Кара застыла в дверях, увидев множество холстов, изрезанных грубыми мазками краски. Казалось, держа кисть, Бэстифар путал ее с мечом и наносил по холстам удар за ударом, выпуская накопившуюся ярость. Картины с отсутствующим сюжетом пестрили красками. Они были забрызганы пятнами, в которых отчего-то угадывалось ощущение, не знакомое аркалам по их природе. Кара невольно поморщилась и зачем-то подошла к столу, рядом с которым стоял самый свежий холст – она определила его по блеску не успевшей засохнуть краски. На крайних грубых мазках были заметны следы рук, как будто Бэстифар с силой сжал холст руками, едва успев измалевать его.

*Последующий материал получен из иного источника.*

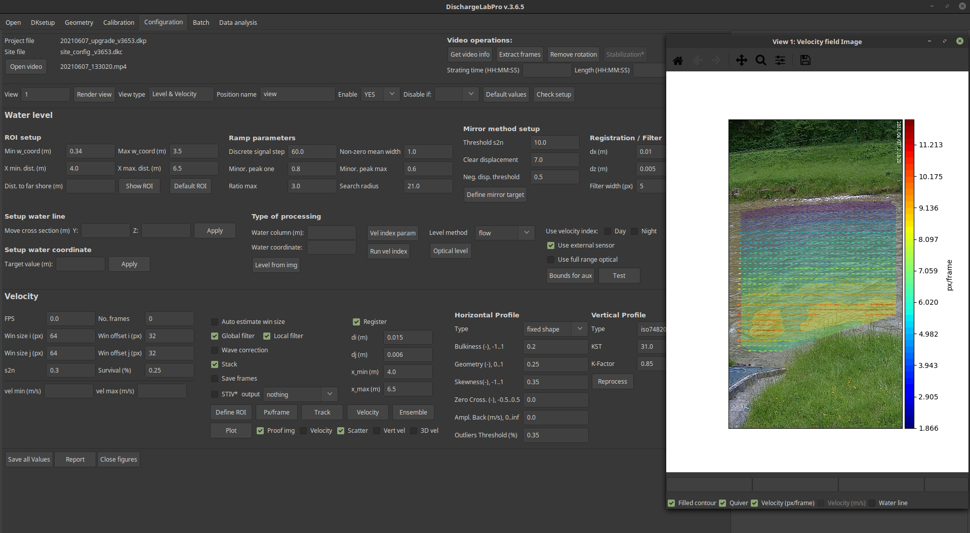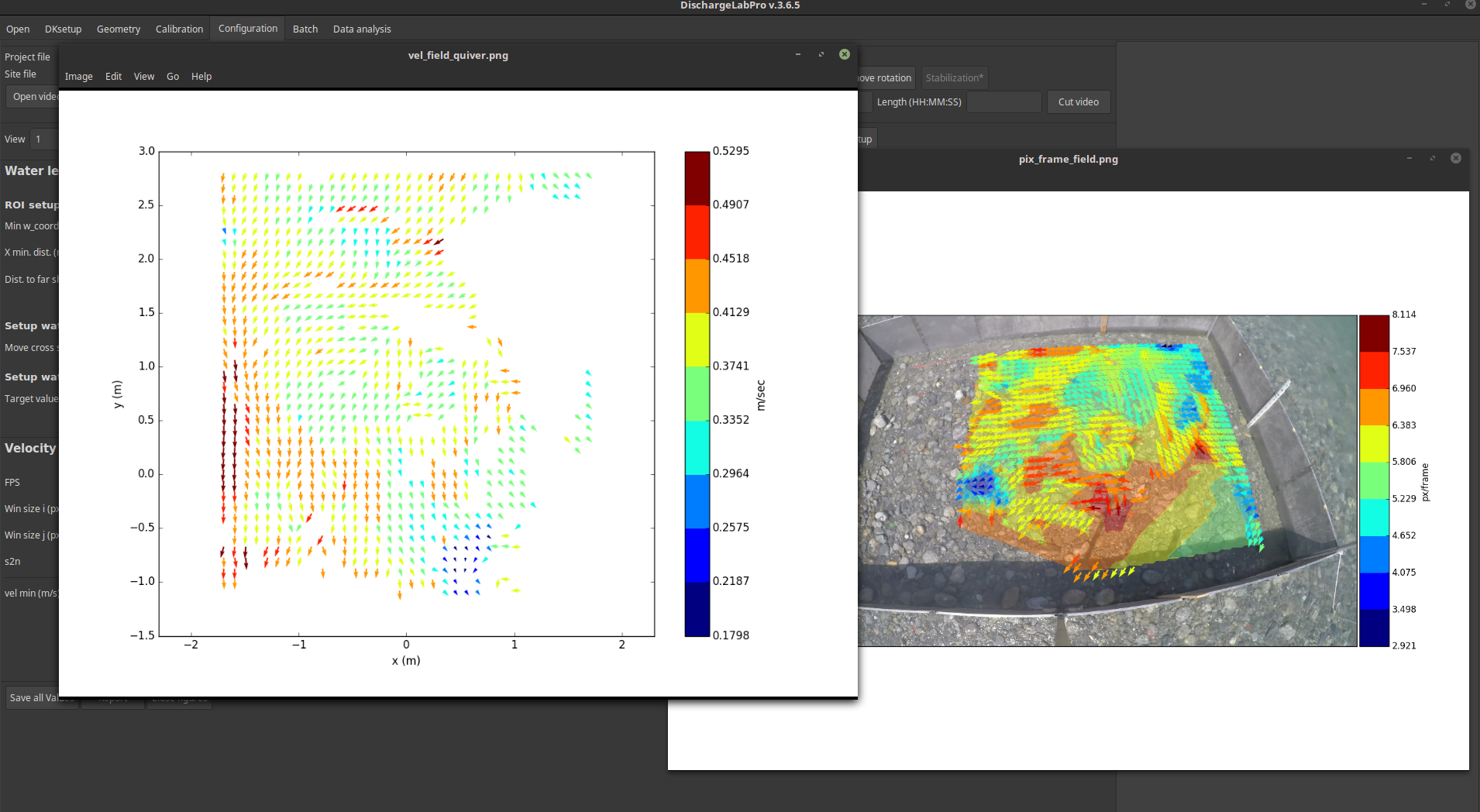 Detailed surface velocity flow in meters/second. If in addition to the video, the camera has been calibrated, it is possible to measure a detailed 2D surface velocity field in metric units.

Ты говоришь, боль тебе не знакома, – с тоской подумала Кара, – но будь я проклята, если это не она…
Злость на Бэстифара начала заметно таять, пусть Кара и не хотела этого. На ее место постепенно приходило странное чувство вины. Кара подумала, что, возможно, поступала жестоко с Бэстифаром, не доверяя ему историю своего прошлого.
Не вздумай его жалеть! Сейчас он твоей мягкости не заслужил, – напомнила она себе, отведя взгляд от холста. Ее внимание привлекли грубые угольные наброски, раскиданные по столу в хаотичном порядке. Кара невольно пригляделась к ним и задержала дыхание.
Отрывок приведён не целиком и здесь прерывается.